Из разговора двух друзей Панька не мог много вынести для себя, но всегда становился на сторону молчавшего Арефия и не доверял многоречивому Михаилу. Отношения Арефы к бабам он постепенно перенимал и даже пытался их демонстрировать над Тулькой, которую это сначала удивило, потом рассердило, и в результате однажды Панька явился домой с расцарапанной рожицей и с тайным уважением к женщине.
Арефий спросил его коротко и очень густым басом:
- Это что?
- Упал... об щепки... - ответил Панька и покраснел.
- Ишь... - неопределённо заявил Арефий и посоветовал ему умыться.
А дни текли, и Панька рос.
Вот ему уже девятый год. Он невелик ростом, очень ряб, неуклюж, молчалив, и глаза его не по-детски холодны и разумны. Они с Арефием прекрасно понимают друг друга, и поэтому молчание каждого более или менее красноречиво говорит другому. Панька учится грамоте у Арефия. Была сделана попытка ходить в приходское училище, но она окончилась печально. Панька не вытерпел более десяти дней отношения к себе товарищей по школе и на одиннадцатый, разбуженный Арефием словами "вставай, пора в школу", поднял голову с подушки и, пристально посмотрев в лицо Арефия воспалёнными от бессонной ночи глазами, проговорил первую со дня своего рождения длинную речь:
- Не пойду я больше туда, хоть утопи, хуже собаки паршивой я там.

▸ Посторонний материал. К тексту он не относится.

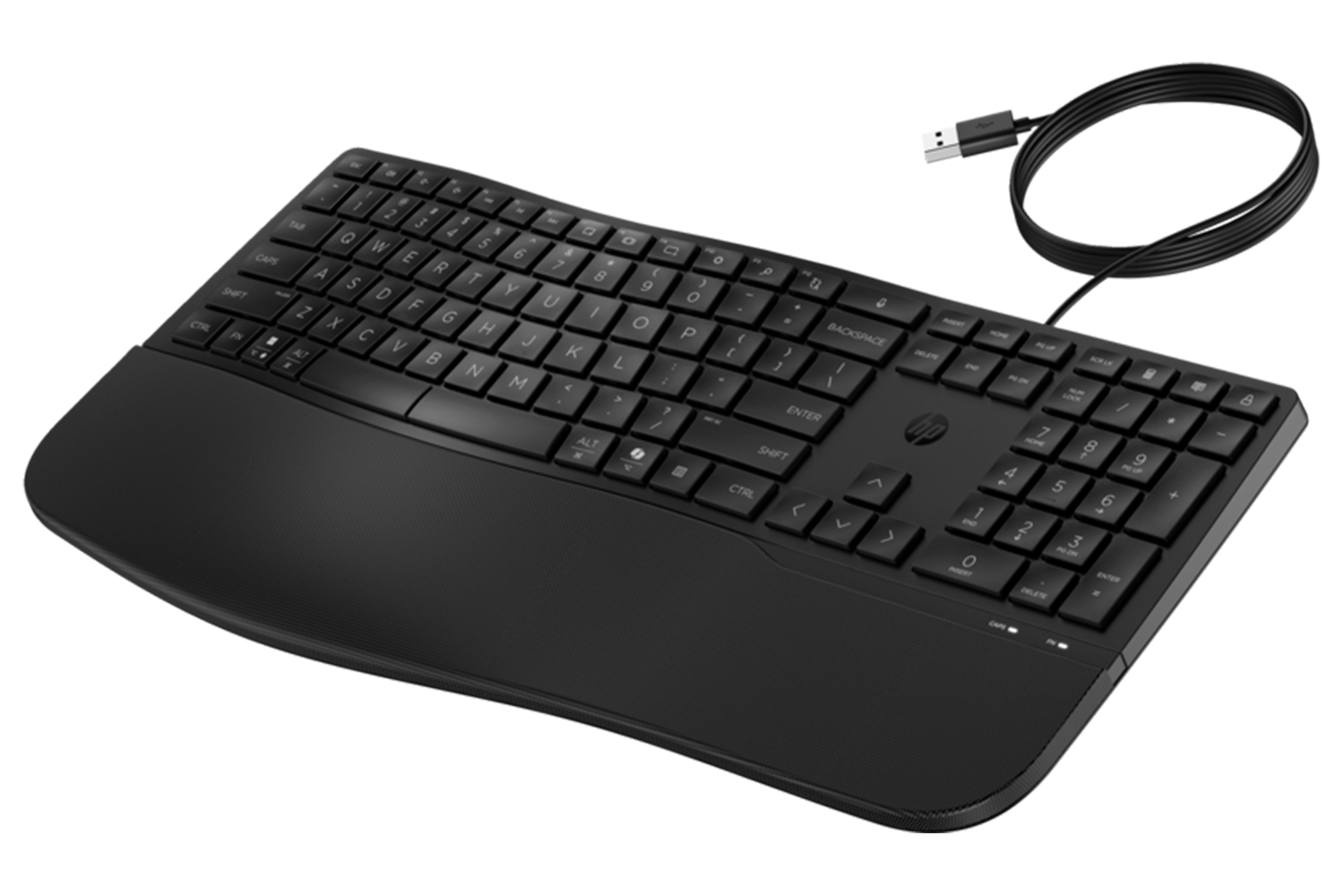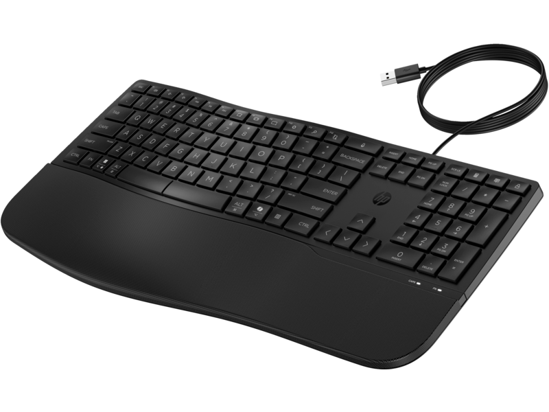 From blogging to coding, the HP 480 Comfort Wired Keyboard is designed for natural comfort and all-day productivity. Its familiar layout delivers ergonomic benefits through a wave-like shape, quiet keycaps, and a soft cushioned palm rest.
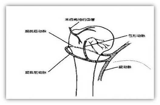 1.肱骨头血供由腋动脉发出旋肱前动脉和旋肱后动脉供应,主要从前外侧进入。
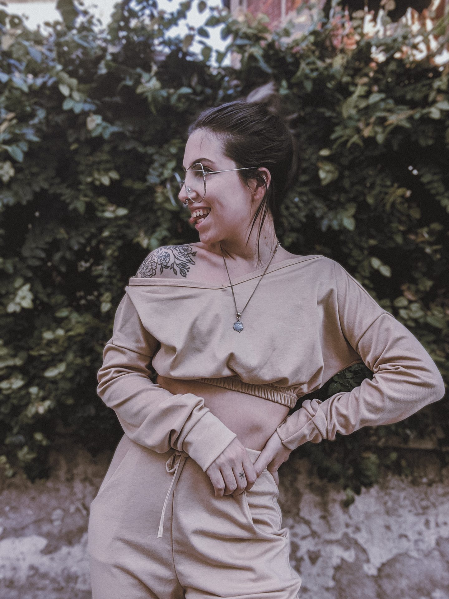 El lounge wear en pocas palabras es la ropa que te ponés para estar en tu casa o cómoda, algo que a todo el mundo le gusta porque te permite no sentirte limitada con lo que podés o no hacer con la ropa pero sin comprometer el estilo. Osea, se puede tener onda e igualmente usar algo que se sienta como un pijama. Re en esa. Una de las cosas que elegí fue este lounge wear set en un color café con leche que consta de un jogger/babucha y un crop top. Nota: la modelo del sitio es muy voluptuosa y obvio que no me queda igual pero sin embargo me copa el fit
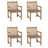 Chaises de jardin lot de 4 et coussins gris Bois de teck solide
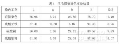 K/S值越大染色效果越好, 通过以上数据分析,K/S羊毛染色工艺媒染均能起到较好的媒染效果,硫酸铜和硫酸铝钾媒染起到了增强色深的效果。硫酸亚铁在增强色深的同时, 发生了色调的变化, a、b值逐渐降低,且a值出现负值,即由红光转为绿光。
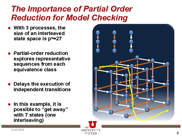The Importance of Partial Order Reduction During Model Checking l With 3 processes, the size of an interleaved state space is ps=27 l Partial-order reduction explores representative sequences from each equivalence class l Delays the execution of independent transitions 3/18/2018 7
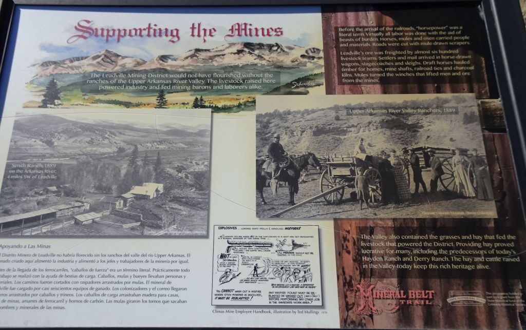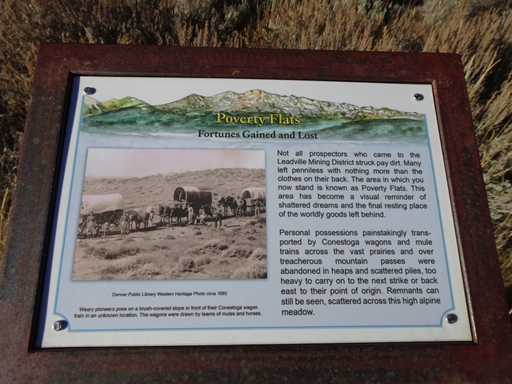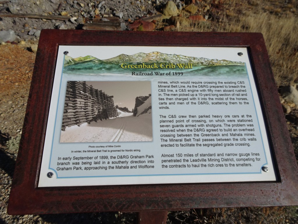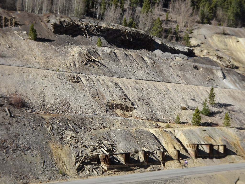 Several railroads were built to Leadville, including a narrow gauge railroad. In its boom times Leadvillle was a tourist destination. Signs of mining endeavors are visible all along the path.
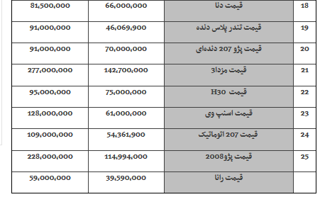 قیمت خودروهای داخلی در بازار امروز 1397/10/16 به شرح زیراست:
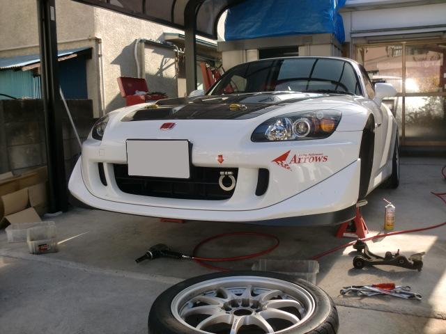 リアのハブベアリング交換にご来店いただいた真○さんのエスです。 「Arrowsは凄いクルマばかりなので、自分のような普通のクルマのメンテナンスで申し訳ないのですが・・・。」と仰られていましたが・・・全~然、オッケーですよ♪(笑) 確かにArrowsはサーキット派のお客さんが多いですが、ノーマル車でオイル交換などのメンテナンスにご来店いただくお客さんもいっぱいいます。 量販店で売られている激安オイルのように安くはないですが、エンジン、ミッション、デフオイル全て交換しても¥21,700(税込み・S2000にWAKO'Sオイルを使用した場合)ですし、目視できる範囲で下回りのチェックもしていますから気軽にお立寄りください。
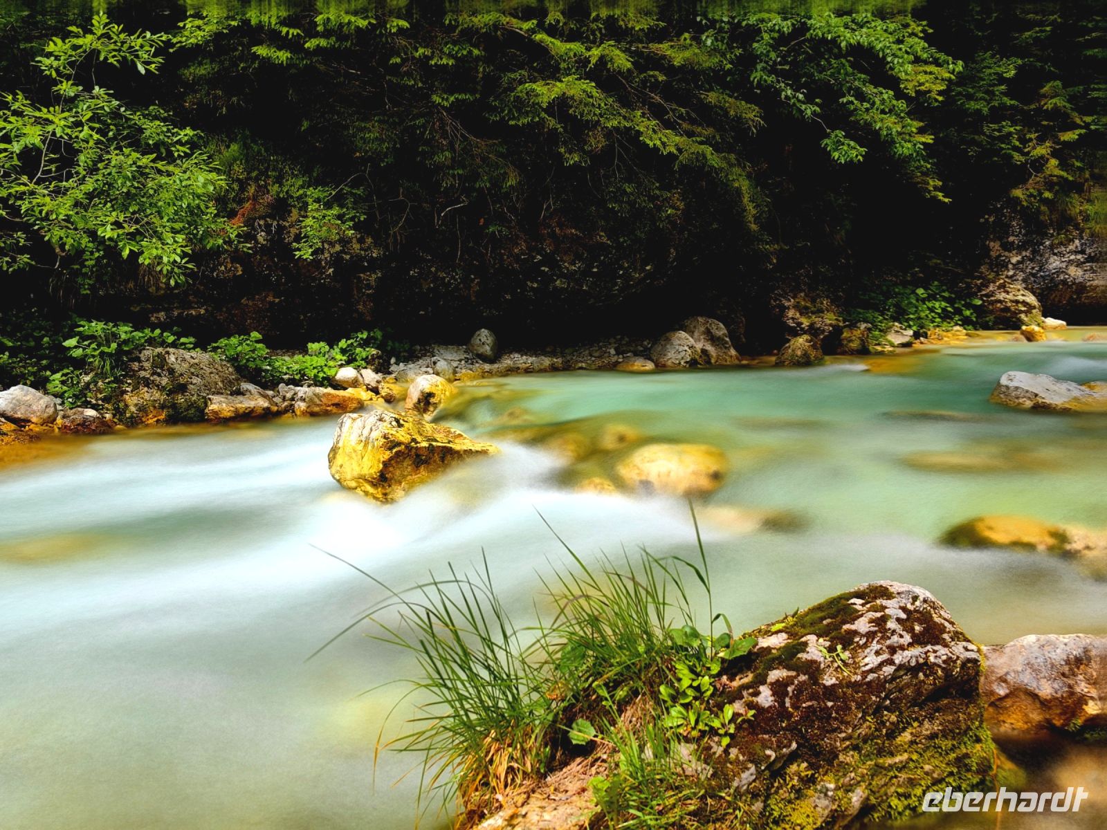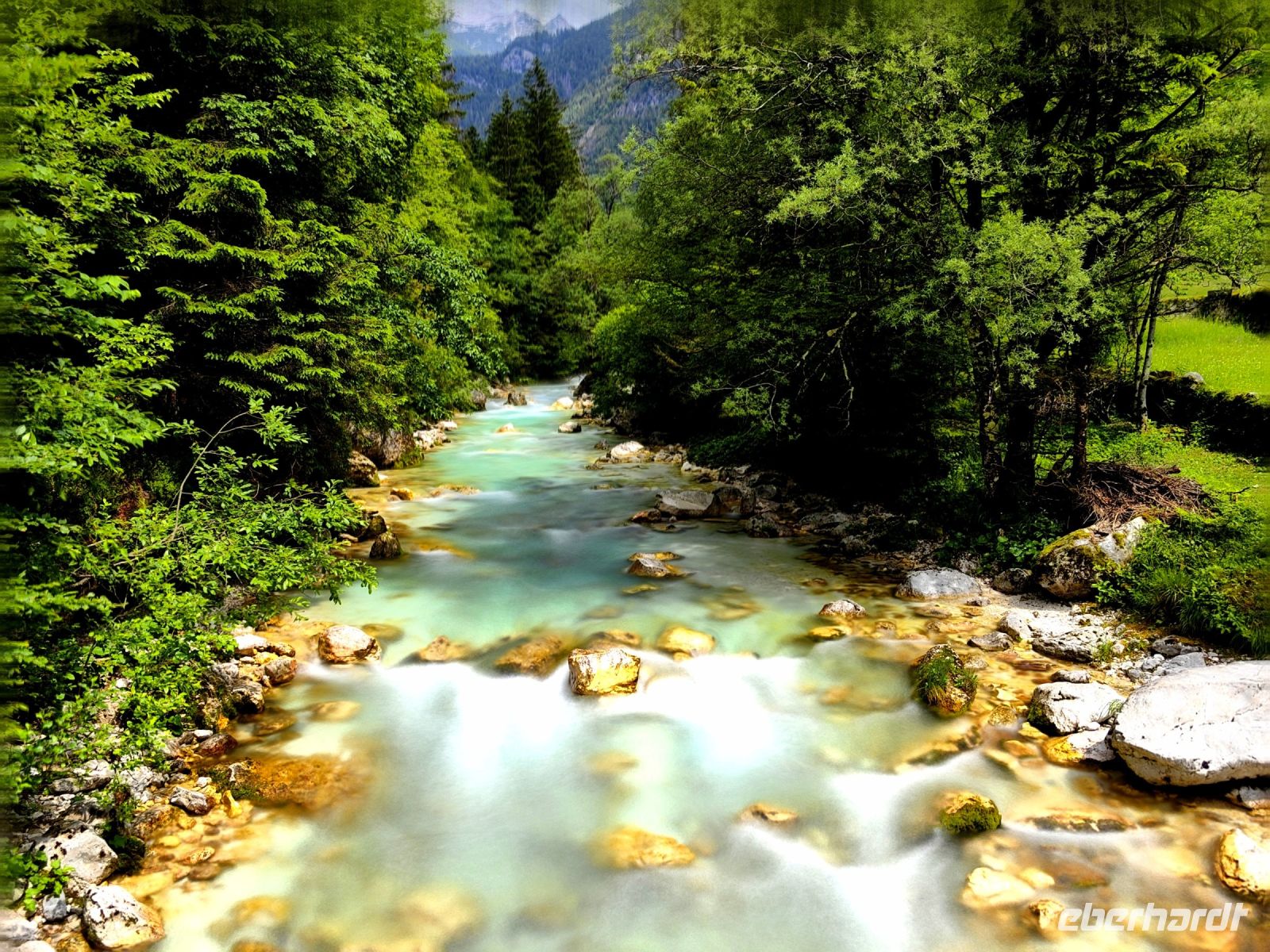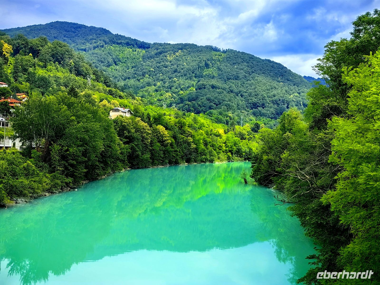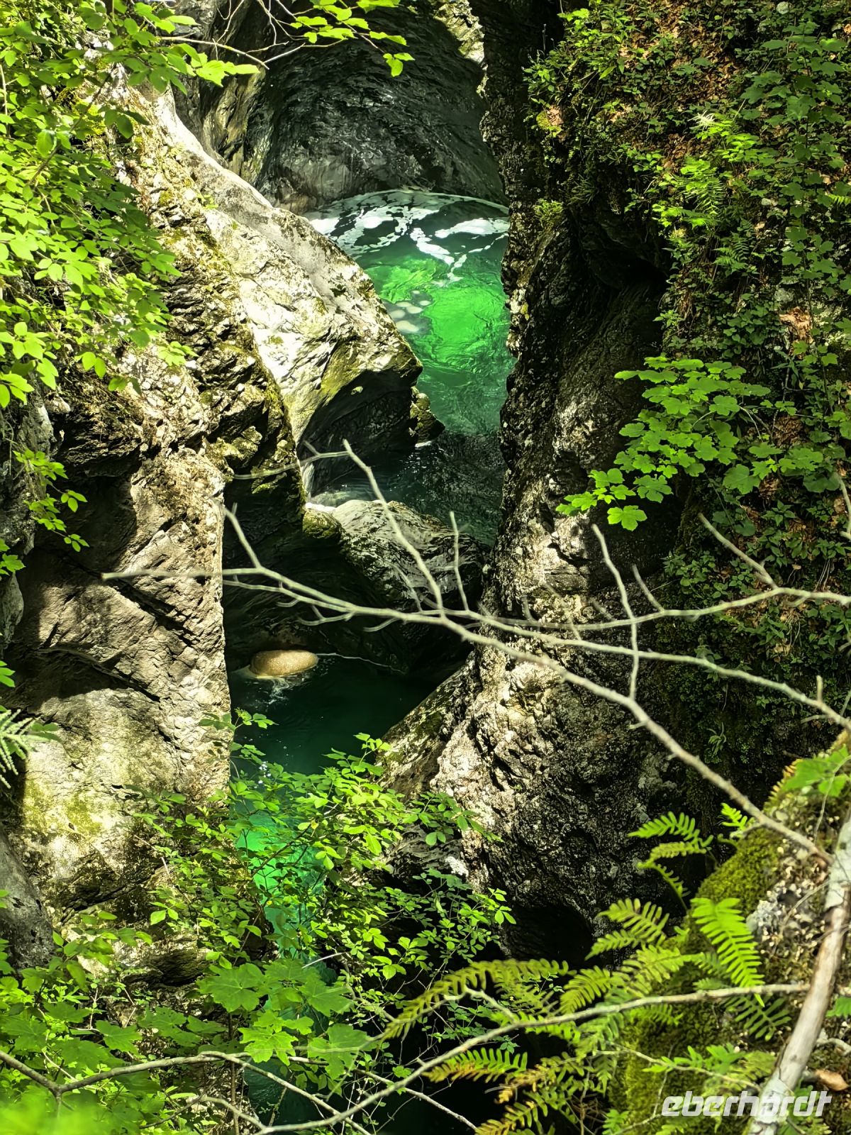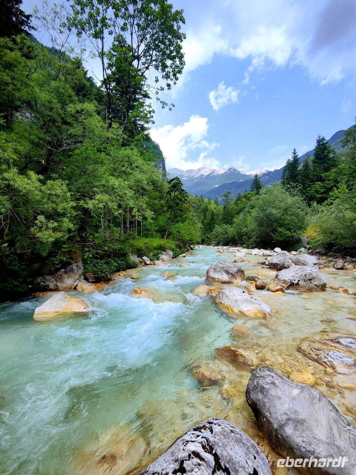 Kurz vor Trenta schauen wir uns die kleine Kirche der heiligen Madonna von Loreto an, die mit den Fresken des berühmten slowenischen Malers Tone Kralj gestaltet ist. Gleich gegenüber der Kirche laufen wir auf einer Hängebrücke über die Soca. Der Verlauf dieses smaragdgrünen Flusses wird von kleineren und größeren Wasserfällen, Stromschnellen und engen Felsschluchten geprägt. Das ganze Tal ist ein Muß für Naturliebhaber und Wassersportler. Allein die Farbe des Flusses begeistert uns und von der Brücke aus kann man ihn gut sehen und fotografieren.

Только и зову, что крапивник, подкидыш, рябой чёрт. Не пойду, как хошь. Дома я лучше буду. Не люблю их я, никого не люблю. Всегда буду биться с ними. Третьего дня нос расквасил учителеву сыну, а учитель-то меня на колени - на час целый. Ещё расквашу, всем расквашу, ставь - на! А когда меня побьют, так ничего, я молчу и на колени никого не ставят. Не пойду я больше, как хошь!
Арефий смотрел на рябое детское лицо, теперь ещё больше исковерканное злобой и негодованием, и молчал, а когда Панька кончил говорить и снова с упрямой и вызывающей миной ткнулся головой в подушку, он коротко, но так, что в окнах дрогнули стёкла, бухнул: "Не ходи!.." И при этом так внушительно посмотрел в ту сторону, где было училище, что Панька дрогнул и закутал голову в одеяло.
Больше о школе не подымалось речи, и учение пошло с грехом пополам дома. Панька учиться не любил и садился за книжки, как за трудную и неприятную работу, а Арефий, преподавая ему грамоту, не мог, несмотря на своё желание, оживить мёртвые буквы и слова.
Каждый день после чая Панька с хмурым лицом снимал с полки книжки, садился за стол, опёршись локтями о колена, ущемлял свою голову в ладони и начинал качаться взад и вперёд, вправо и влево, при этом бормоча что-то очень неясное и далеко не музыкальное.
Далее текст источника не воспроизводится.